On Sept 15 2003, Second Chance's president and CEO wrote a letter about Zylon and what his company's position about Zylon, and what their reaction was going to be. He started by stating that the ULTIMA line had 30 "saves". He described two years of testing "200 ULTIMA vests from 37 different agencies in 19 different States".

He then said "Unfortunately, for all involved these results indicated the unexpected decrease in the ZYLON fiber strength. ZYLON fibers in various forms are used widely within our industry. Although inconsistent, these results have led us to where we are today. ULTIMA and ULTIMAX vests, as you know them today, have been discontinued from our product line."

The company would offer a "Performance Pac" to "account the worst-case performance scenarios of used, in service vests", for free.

Stephen Croskrey, President and CEO of Armor Holdings Products Division (Owners of American Body Armor, PROTECH and Safariland) put out a letter as a reaction to the statements by Second Chance. In the letter, the CEO states that he found the "unexpected decrease" statement by Second Chance to be vague. He then said his company and Toyobo tested the material regularly, and that it was degrading at a rate typical compared to other materials. Finally, he stated that for his company, all incoming lots of materials had some tested, and they regularly received used vests to test.

==== The realization and end to Zylon's use in body armor ====
Some studies subsequently reported that the Zylon vests might degrade over time and leave their wearers with less protection than expected.
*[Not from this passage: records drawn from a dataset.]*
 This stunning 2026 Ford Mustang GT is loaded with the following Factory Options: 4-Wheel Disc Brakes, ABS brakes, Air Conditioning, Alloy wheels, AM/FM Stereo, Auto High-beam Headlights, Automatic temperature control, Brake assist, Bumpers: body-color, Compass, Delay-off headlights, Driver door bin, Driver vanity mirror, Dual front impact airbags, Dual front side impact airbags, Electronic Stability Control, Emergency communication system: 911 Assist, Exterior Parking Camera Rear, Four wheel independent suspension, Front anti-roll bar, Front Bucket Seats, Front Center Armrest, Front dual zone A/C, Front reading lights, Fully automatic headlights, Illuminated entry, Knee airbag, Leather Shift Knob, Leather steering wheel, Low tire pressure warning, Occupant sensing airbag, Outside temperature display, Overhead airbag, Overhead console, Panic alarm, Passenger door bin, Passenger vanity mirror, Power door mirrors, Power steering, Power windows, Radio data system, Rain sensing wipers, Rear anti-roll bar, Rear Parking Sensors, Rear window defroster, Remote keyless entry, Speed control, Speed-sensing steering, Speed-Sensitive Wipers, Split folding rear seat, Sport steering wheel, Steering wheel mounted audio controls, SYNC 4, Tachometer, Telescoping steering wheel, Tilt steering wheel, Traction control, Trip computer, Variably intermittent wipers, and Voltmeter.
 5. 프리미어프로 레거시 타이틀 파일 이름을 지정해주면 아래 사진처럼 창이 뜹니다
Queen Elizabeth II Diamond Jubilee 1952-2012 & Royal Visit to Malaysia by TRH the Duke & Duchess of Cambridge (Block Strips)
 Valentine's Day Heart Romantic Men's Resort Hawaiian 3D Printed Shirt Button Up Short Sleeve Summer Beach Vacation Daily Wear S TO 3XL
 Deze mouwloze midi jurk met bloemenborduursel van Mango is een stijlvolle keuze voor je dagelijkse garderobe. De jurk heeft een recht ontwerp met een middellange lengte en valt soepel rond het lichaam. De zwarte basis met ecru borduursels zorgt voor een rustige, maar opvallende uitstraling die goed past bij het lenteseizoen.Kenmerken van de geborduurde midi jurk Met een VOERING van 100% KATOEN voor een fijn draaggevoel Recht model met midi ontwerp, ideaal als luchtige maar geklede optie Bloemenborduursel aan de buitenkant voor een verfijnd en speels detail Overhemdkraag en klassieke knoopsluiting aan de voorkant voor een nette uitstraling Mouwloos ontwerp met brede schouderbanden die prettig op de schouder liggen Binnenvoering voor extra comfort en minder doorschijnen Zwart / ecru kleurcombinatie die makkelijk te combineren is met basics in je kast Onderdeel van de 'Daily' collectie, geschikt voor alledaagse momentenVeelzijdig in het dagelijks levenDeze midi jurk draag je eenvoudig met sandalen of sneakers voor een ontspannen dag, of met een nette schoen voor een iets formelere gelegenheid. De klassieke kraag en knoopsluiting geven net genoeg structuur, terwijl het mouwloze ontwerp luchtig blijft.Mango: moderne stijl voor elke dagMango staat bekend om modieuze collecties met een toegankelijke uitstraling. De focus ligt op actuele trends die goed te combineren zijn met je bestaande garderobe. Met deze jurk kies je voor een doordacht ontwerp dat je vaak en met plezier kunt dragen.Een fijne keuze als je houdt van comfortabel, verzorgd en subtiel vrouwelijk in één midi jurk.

Second Chance eventually recalled all of its Zylon vests, which led to its bankruptcy. The company was once able to claim that it held over 50% of the market for law enforcement body armor, all by itself. This explains why 98,000 vests were recalled by Second Chance alone. Comparable vests cost as much as $1450 at the time, or over $2100 at the end of 2014.

In early 2005, Armor Holdings, Inc. recalled its Zylon-based products, and decreased the rated lifespan warranty of new vests from 60 months to 30 months. In August 2005, AHI decided to discontinue manufacturing all of its Zylon-containing vests. This was largely based on the actions of the U.S. government's National Institute of Justice, which decertified Zylon for use in its approved models of ballistic vests for law enforcement.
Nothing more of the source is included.